X (Twitter)は何を目指しているのか
昨日10月6日にX (Twitter)が「いいね、リポスト、返信を非表示に」という報道がありました。
今日はそれについての是非を考えてみたいと思います。
Twitterが始まってはや15年、2008年ころから日本国内でも利用者が増え始めて、当時はまだスマホも一般的ではない時代。
ヒウィッヒヒーという流行語を生みだしつつ、じわりじわりとユーザーは増加していきました。
当時からTwitter自体は様々な議論や問題を抱えつつ、ユーザー増加という波に乗ることでサービスの価値観や利用者の構図が形成されていき、社会の闇や悪しき面とともに時代を経て現在に至ります。
その後マスク氏の買収を経てサービスの全体像が変わりつつありますが、今日は今後のX (Twitter)がどうなるのか、何を目指しているのかを推察してみたいと思います。
ヒウィッヒヒー
2000年代後半、Twitterサービス開始2~3年のあたりでヒウィッヒヒーは当時のロゴがそう読めるという事から広瀬香美さんを主としてネット上で話題になりました。
当時はフォロワーが数千人いれば多い方という時代ですが、2000年代後半からTwitterの利用者はアメリカと日本が中心でした。
特に国ごとの人口と比較したアクティブユーザー比率は日本が昔からずっと1位ですから、日本では利用サービスの選択肢としてユーザーに積極的に受け入れられたという経緯は間違いありません。
それはなぜでしょうか?
Twitterの利用者層
Twitterマーケティングによると、Twitterユーザーは内向的で慎重であり他のSNSであるFacebookやInstagramのユーザーと比べて、以下の特徴があるということです。
「『勝ち組』というより『負け組』」
「結婚に意味があるとは思わない」
「異性との交際にあまり興味はない」
「ネット上の人と合うのに抵抗はない」
「ネットで評判を確認してから購入を決める」
「付き合いよりも自分の時間が大切」
といった特徴が見られている、とのことです。
それらを踏まえて、世界の中で日本という国がTwitterで利用者数が特に増加していった経緯や背景は日本国民の民族性がTwitterのサービス特性(匿名性)に合致していた、という分析が一般論と言えます。
よく言われているのが、実名ではなく匿名のためTwitter上で安易に攻撃的敵対的な言動をするユーザー層の存在です。

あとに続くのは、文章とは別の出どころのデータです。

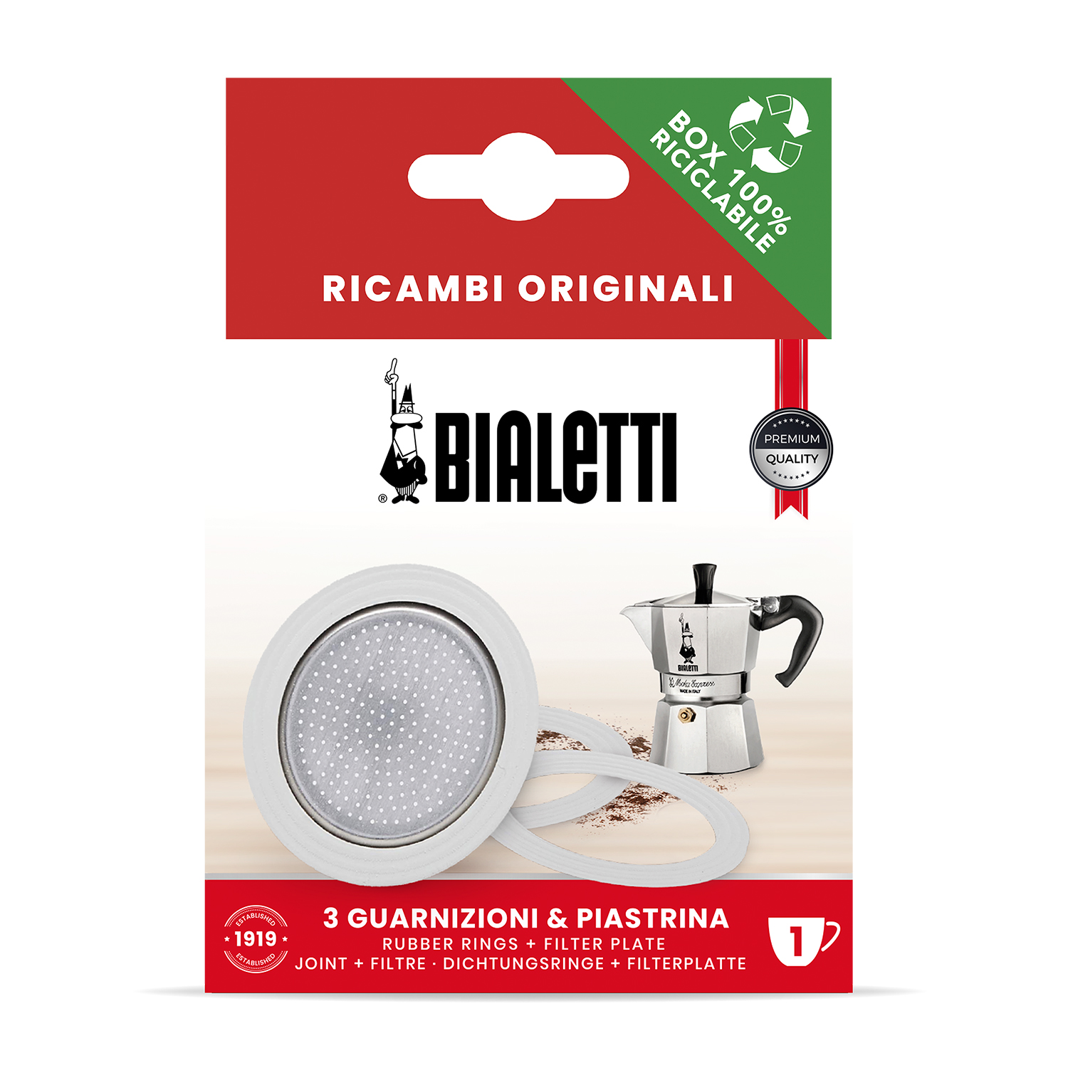 Bialetti Ricambi, Include 3 Guarnizioni e 1 Piastrina, Compatibili con Moka Express, Dama, Elettrica e Mini Express, 2 Tazze

また、匿名性に着目されて様々な犯罪やトラブルもたくさん発生しました。
利用者による犯罪・問題行為
Twitterでは一般的なSNSが問題のある投稿として削除する性犯罪・ドラッグ売買・違法な個人間取引・詐欺、誹謗中傷、裸の写真、犯罪投稿などもほとんど削除することがなく「グローバルポリシーには反していない」というTwitter公式の考えのもと、投稿をそのままにしていることがあると問題視されておりました。
一方で内容や実態が犯罪である場合には投稿者が犯罪になりえますので、実際にTwitter上での書き込みを元に犯罪の検挙が行われるという経緯も増加していき、未成年者のモラル低下や犯罪の敷居の低さなどがTwitterが元となり日本国内に悪影響となっていった背景なども明らかです。

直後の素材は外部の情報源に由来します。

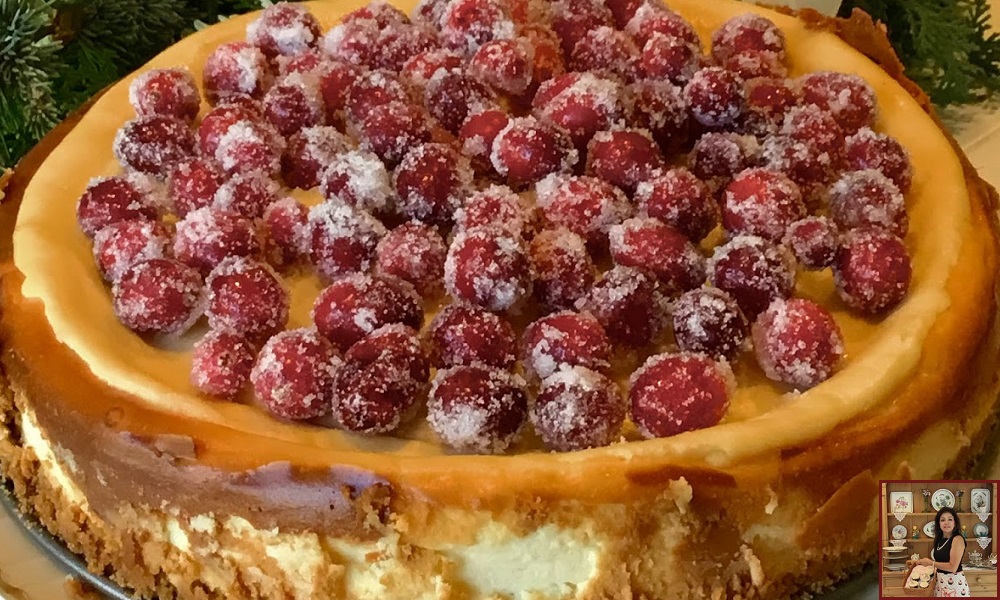 Loosen sides of pan with a spatula. Remove sides of springform pan. Top surface of cooled cheesecake with either Pineapple Glaze or Sugared Cranberries and refrigerate for 3 hours or overnight.

また、Twitterでの犯罪行為の告白も流行ってしまい日本のネット上ではTwitterがバカ発見器やバカッターと揶揄されることもあり、特に若年層のリテラシー低下が問題視されるような議論も生じるなどTwitterをめぐる時代背景としてたくさんの負の面をこれまで歩んできました。
マスク氏買収後
マスク氏買収後は様々なサービスの改変が行われ、不透明な先行きやサービスの品質低下などが着目されて広告主が大きく離れているという結果が話題になっています。
しかし、それでも止まらずにサービスの変革は続けておりTwitterのサービス名もXへと変わりました。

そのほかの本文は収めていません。